Engineering Java 7’s Dual-Pivot Quicksort Using MaLiJAn

Jan 2013 (Written: Sep 2012)

Sebastian Wild, Markus Nebel, Raphael Reitzig, and Ulrich Laube:

Meeting on Algorithm Engineering & Experiments (ALENEX) 2013
P. Sanders, N. Zeh (eds.): ALENEX 2013, SIAM, pp 55–69

Based on the analysis of instruction counts (see details in my master’s thesis) one should expect that asymmetric pivot sampling improves YBB Quicksort. In this paper we empirically investigate this hypothesis in Java.

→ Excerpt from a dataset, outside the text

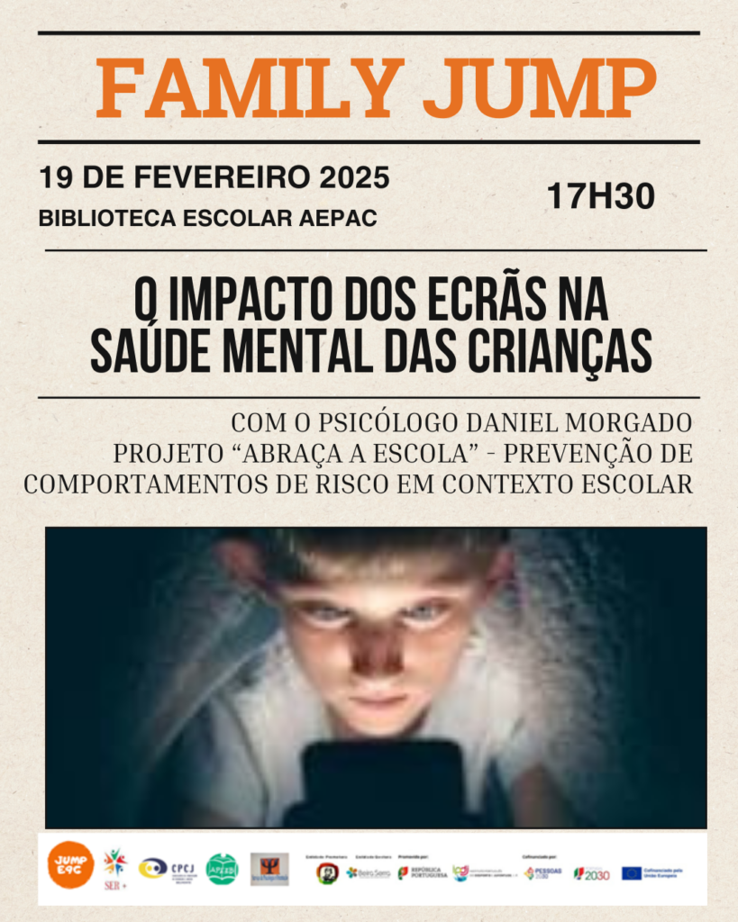 No âmbito da envolvência da comunidade educativa, terá lugar a ação de sensibilização para pais e encarregados de educação, subordinada ao tema “O Impacto dos Ecrãs na Saúde Mental das Crianças”, dinamizada pelo psicólogo Daniel Morgado, no âmbito do projeto Family Jump. Esta iniciativa visa apoiar as famílias na compreensão dos desafios associados ao uso excessivo de ecrãs e na adoção de estratégias equilibradas.

In fact, Vladimir Yaroslavskiy made the observation that asymmetry might help already in 2010, when he experimented with YBB Quicksort. In this mailing list post he asked for explanations why from 5 sample elements, exactly the smallest and third smallest elements perform best, and in particular better than the tertiles (second and forth smallest).

Dmytro Sheyko’s answer goes in the right direction: asymmetries in the partitioning algorithm may lead to improvements with asymmetric pivots. The details of his explanation are not correct because of simplifying assumptions; he closes with:

Of course, these consideration does not apply to the real DPQ completely. This is because in real DPQ every item is not compared with pivots in well defined order and real DPQ contains numerous special cases, which make it harder to analyze.

Still, we could finally give this analysis: [conference paper] / [full paper].

While we can confirm savings in the number of executed Java Bytecode instructions, running times show a peculiar pattern:

Violin plots for the observed running times (on random permutations) symmetric sampling (light gray) and asymmetric sampling (dark blue), normalized by $n \ln n$. The horizontal axis depicts the input size $n$.

There seem to be two types of inputs, where running time is either in the lower (faster) part or in the upper (slower) part, depending on the class of the input. We investigate this phenomenon in detail and trace it to Java’s just-in-time (JIT) compiler.

With regard to the initial hypothesis, we have to conclude that any potential speedup is dwarfed by these JITter effects.

MaLiJAn

For the experiments we used our self-made tool MaLiJAn, the Maximum Likelihood Java Analyzer (I know, great name).

It decomposes a given Java program into its control-flow graph and injects counting instructions at the beginning of each basic block (i.e. each node in that graph). From these basic-block execution counters determined on given data, MaLiJAn tries to extrapolate behavior for any input size. That step has to remain a heuristic, of course, but for many typical algorithms and inputs we tried, it worked quite reasonably.

Finally, MaLiJAn computes expected costs from these extrapolations, based on user-specified cost measures, which assign a constant cost contribution to each execution of a basic block.

The theoretical basis of MaLiJAn is described in this article; it is also sketched in the appendix of this paper, where we extend MaLiJAn to approximate average running times for executing a single basic block.

Relation to Other Papers

We could confirm some of the empirical findings of this paper analytically.